Cette fois, l’émotion prit le lieutenant à la gorge, et il s’avança vers Rio-Santo :

– Dieu m’est témoin, dit-il, qu’en venant ici, j’avais fait le sacrifice de ma vie, dût ma mère en mourir de chagrin. Elle ne m’eût point blâmé d’avoir agi ainsi, car au-dessus des affections humaines, il y a le devoir. J’ai fait le mien et je l’ai mal fait, puisque j’ai combattu avec les armes de la fourberie et du mensonge un adversaire dont la loyauté me fait honte. J’ai arboré la branche de houx pour vous tromper, j’ai revêtu les loques d’un paysan pour endormir votre confiance et j’ai presque réussi, puisque je suis arrivé jusqu’à vous.
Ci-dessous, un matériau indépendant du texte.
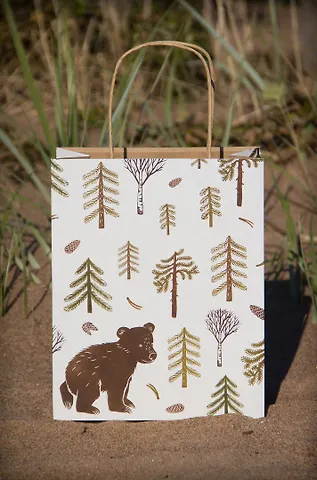 Пакет подарочный бумажный (крафт), Мишка в лесу 20*25*10см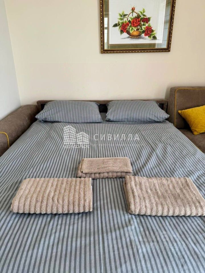 В гостиной стоит диван, который раскладывается в полноценную двуспальную кровать по принципу "раскладушка" с полноценным матрасом, в кухне - раскладной диванчик (дополнительное спальное место), по запросу можем предоставить детскую кроватку.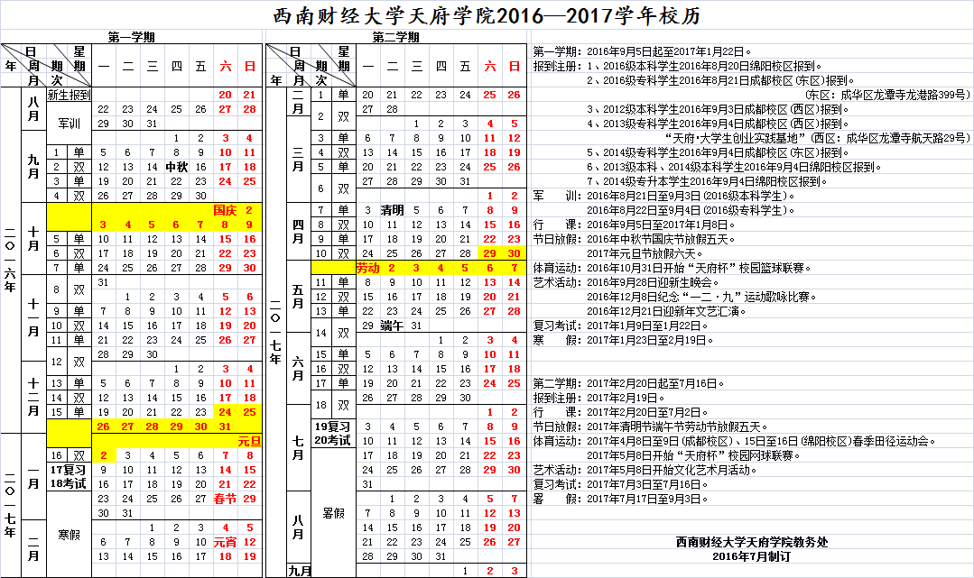 2016-2017學年校歷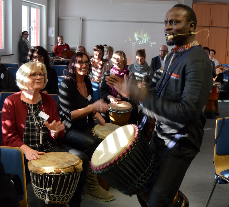 Mit den Bechertrommeln zum Abschluss gab man allen Beteiligten viel mit auf den Weg. War man bei den ersten Klängen der Bechertrommeln noch zögerlich mit der Bewegung der Hände auf dem Trommelfell, merkte man, wie eine unglaubliche Dynamik Oberhand gewann, und dieser Augenblick viel glückliche Freude und immense innere Kraft nach wenigen Sekunden vermittelte.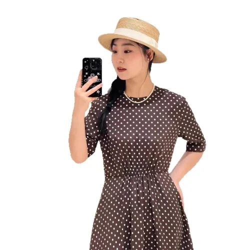 Product Name: IC2025 Spring Summer New Satin Casual Dresses Elegant Mid-Length Crepe Elastic Waist izable Brand Solid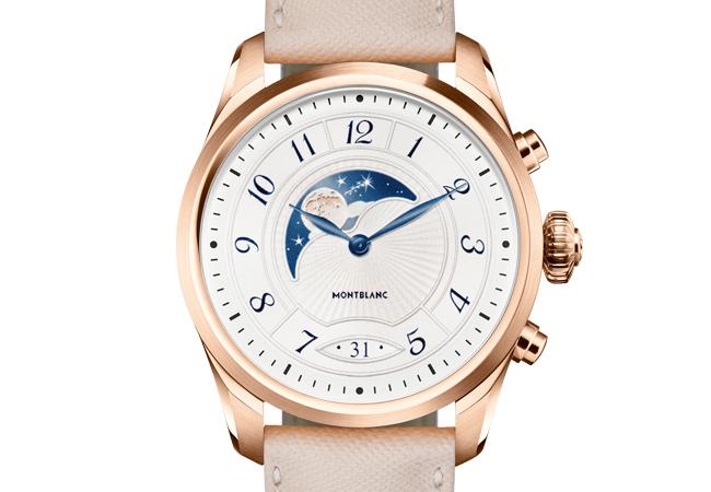 MONTBLANC summit 2智能錶。結合機械錶造型與智能錶功能的新一代穿戴裝置。直徑42mm/金色PVD不鏽鋼錶殼/參考價NTD 33,000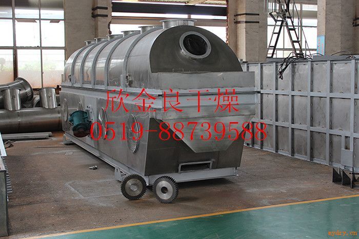 工作原理: 物料自進料口進入機內,在振動力作用下, 物料沿水平方向拋擲向前連續運動,熱風向上穿過流化床和濕物料換熱,濕空氣經旋風分離器除塵后由排風口排出,干燥物料由排料口排出。 設備特點: 1.物料受熱均勻,熱交換充分,干燥強度高,比普通干燥機節能30%左右。 |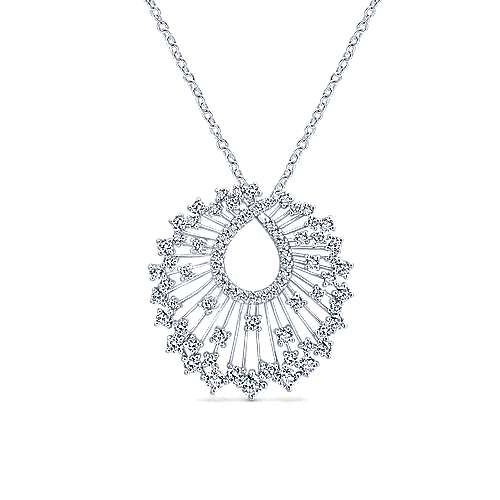 (856) 691-116418K WHITE GOLD WATERFALL SWIRL DIAMOND PENDANT NECKLACE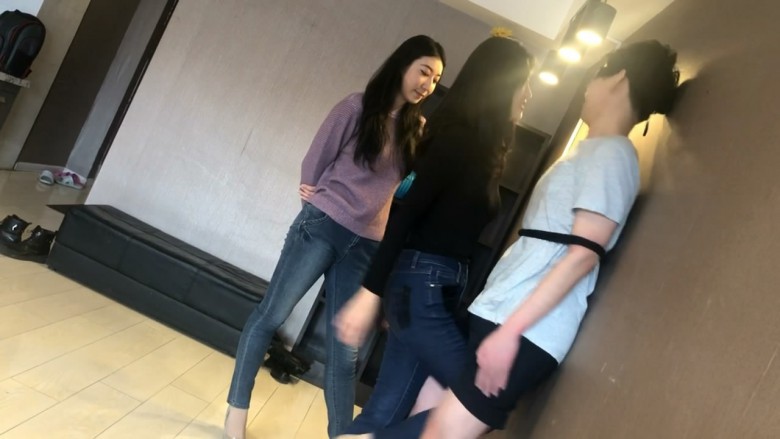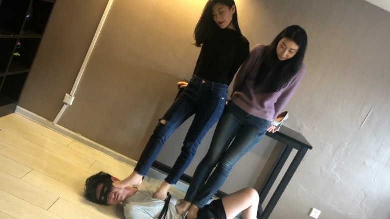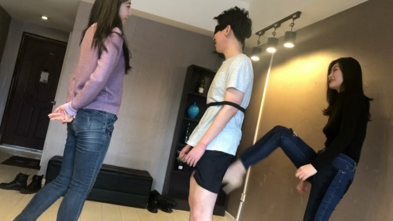 本部作品男演员是客串的小奶狗一枚,体格非常瘦弱,承受力也力不从心,不过两位舞蹈系女S非但没有丝毫怜悯,反而觉得对这种承受力差的M施虐才是真正的快乐,二人反复玩弄着脚下的奶狗,非常尽兴。小奶狗痛苦的程度,可以从他的惨叫声中完全体会。。。。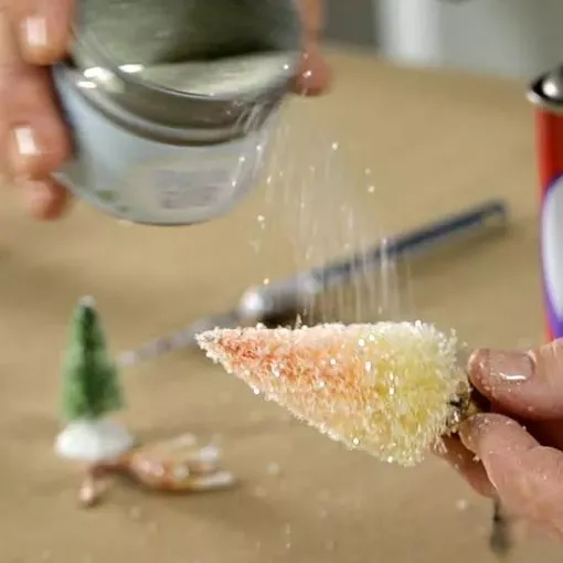 Co jsou vánoční řemesla bez jiskry a jiskry? Přidejte třpytky (možná ve formě kovových hvězd, pokud je najdete) na postavy, stromy nebo okraje fotografií pomocí lepidla ve spreji. Jednoduše nastříkejte na předměty a navrch nasypte třpytky a otočte figurku tak, aby byla pokryta ze všech stran. Pomocí voděodolného lepidla připevněte miniatury nebo fotografie k pěně na vnitřní straně víka zavařovací sklenice. Nechte přes noc zaschnout.

– Enfant, murmura Fergus O’Breane, en lui serrant la main, j’avais donné des ordres !… Vous êtes libre, et je vous prie de rejoindre vos compagnons. Ils m’ont porté un défi, – dépourvu de franchise, il est vrai, – mais ce défi, je le relève. Demain, à la pointe du jour, seul, tout seul, je quitterai ce camp ; je me dirigerai vers le nord où l’armée commandée par Randal Grahame a besoin de moi. Je passerai non loin du lac Skillin.

– Je n’en saurai rien, balbutia l’officier. Il ne m’appartient plus de vous trahir.
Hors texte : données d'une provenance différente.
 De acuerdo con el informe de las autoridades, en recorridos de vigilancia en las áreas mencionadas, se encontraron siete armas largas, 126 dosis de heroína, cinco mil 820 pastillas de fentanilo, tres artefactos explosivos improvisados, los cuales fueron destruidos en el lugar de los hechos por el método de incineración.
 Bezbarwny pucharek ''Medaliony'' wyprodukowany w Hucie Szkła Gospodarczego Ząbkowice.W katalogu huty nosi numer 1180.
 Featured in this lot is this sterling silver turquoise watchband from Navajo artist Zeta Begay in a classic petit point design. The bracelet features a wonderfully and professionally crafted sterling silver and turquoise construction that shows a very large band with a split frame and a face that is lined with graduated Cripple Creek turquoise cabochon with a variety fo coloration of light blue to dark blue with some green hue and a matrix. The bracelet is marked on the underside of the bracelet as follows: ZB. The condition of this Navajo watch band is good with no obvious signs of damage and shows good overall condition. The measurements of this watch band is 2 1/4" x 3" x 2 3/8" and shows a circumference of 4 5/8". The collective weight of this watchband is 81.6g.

– Il vous appartient, répliqua Rio-Santo, de remplir votre devoir. Souvenez-vous que vous deviez me remettre une lettre et que votre mission a été accomplie. Ce qui vient de se passer ne concerne que nous ; les officiers envoyés pour me capturer ont leur rôle à remplir. J’exige que vous les laissiez faire, car il ne serait point sans honte pour vous et pour eux de laisser passer à travers leurs rangs l’homme qu’ils ont mission de capturer.

Après un instant de réflexion, il ajouta :

– Un conseil… ne vous acharnez pas à être l’un des premiers qui me poursuivront. Si vous avez un bon cheval, préparez-vous à l’arrêter sur les jarrets quand j’élèverai la main pour vous, pour vous seul et pour votre mère… Voulez-vous présenter à lady Albourgham, quand vous la reverrez, les respects du marquis de Rio-Santo ?

Quand, une demi-heure après, le jeune officier eut franchi les derniers avant-postes de l’armée rebelle, il frappa du pied le sol et posa la main sur son front :

– Cet homme, murmura-t-il, passe pour un bandit et s’incline devant les cheveux blancs d’une femme que Londres entier respecte. Ma vie, entre ses mains, ne tenait qu’à un fil, un des cils des paupières de ma mère, qui se fût mouillé de larmes si l’on eût rapporté mon cadavre. Je jurerais que celui-là venge sa mère ; aussi jamais mon épée, à moi, ne se lèvera contre lui. Ah ! je donnerais dix ans de ma vie pour ne l’avoir point entendu me parler ainsi de lady Albourgham et pouvoir l’abattre de ma main… Mais, il me l’a dit, j’ai du sang de France dans les veines, et je comprends l’honneur autrement que mes compagnons.